Note that we cannot compute the log-likelihoods in the case where the scale parameter is not known, so we will need a different approach. In Poisson and binomial models, we do know the scale parameter, so we can use this test. For example, up to an additive constant, the log-likelihood for our running example (a Poisson GLM with the canonical link, aka Poisson regression) is

\[ l(\boldsymbol{\beta}) = \sum_i y_i\boldsymbol{\beta}^T\mathbf{X}_i - \exp(\boldsymbol{\beta}^T\mathbf{X}_i) \]

Let’s show empirically for our running example that the null test distribution is correct. We will generate a fourth spurious predictor variable that will have no effect on the response and fit the Poisson model with and without the inclusion of this fourth covariate. We will compute the LRT test statistic for this scenario over many replications and plot the distribution.

# Function to simulate data and compute the test statistic
# mu is the ground truth expected value of the response
# X_null is the design matrix under the null
# X_full is the design matrix under the full model
simul_pois_glm = function(X_null, X_full, mu) {
  y = rpois(n, mu)
  fit_null = glm.fit(x = X_null, y = y, family = poisson())
  fit_full = glm.fit(x = X_full, y = y, family = poisson())
  
  # Deviance = 2 * phi * (LogLik_saturated - LogLik_model)
  # phi = 1 for Poisson
  # Dev_null - Dev_full = 2 * (LogLik_full - LogLik_null)
  test_stat = fit_null$deviance - fit_full$deviance
  return(test_stat)
}
# Simulate
set.seed(771)
df$x4 = runif(n, 0, 10) # spurious predictor
X_null = model.matrix(~ x1 + x2 + x3, data = df)
X_full = model.matrix(~ x1 + x2 + x3 + x4, data = df)
B = 5000
# Recall that mu was previously generated with only x1, x2, and x3 (i.e. from the null model)
test_stats = replicate(B, simul_pois_glm(X_null, X_full, mu))

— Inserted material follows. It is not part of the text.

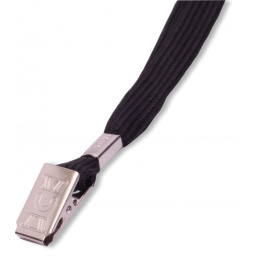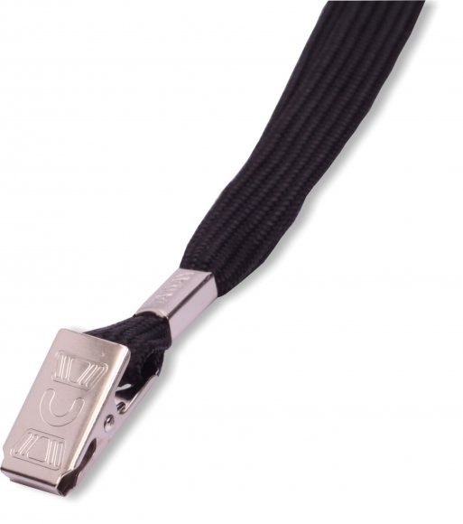 Šňůrka na krk s klipsem pro uchycení visačky. Lze použít na visačku s vyděrovaným podélným otvorem nebo se závěsem. Šířka 10 mm, délka 90 cm..

We get the following distribution with the theoretical chi-squared density with one degree of freedom overlaid:

On the other hand, if we consider testing the significance of \(\beta_2\), which we know is non-zero, we get the following distribution of test statistics:

X_full = X_null
X_null = model.matrix(~ x1 + x3, data = df)
test_stats = replicate(B, simul_pois_glm(X_null, X_full, mu))
hist(test_stats, probability=T)

While the null distribution for the test statistic has been verified in this particular example, in general, the usual caveats about hypothesis tests apply. Specifically relevant to the case of generalized linear models is the distributional assumption about the response, e.g. that it is Poisson in our working example.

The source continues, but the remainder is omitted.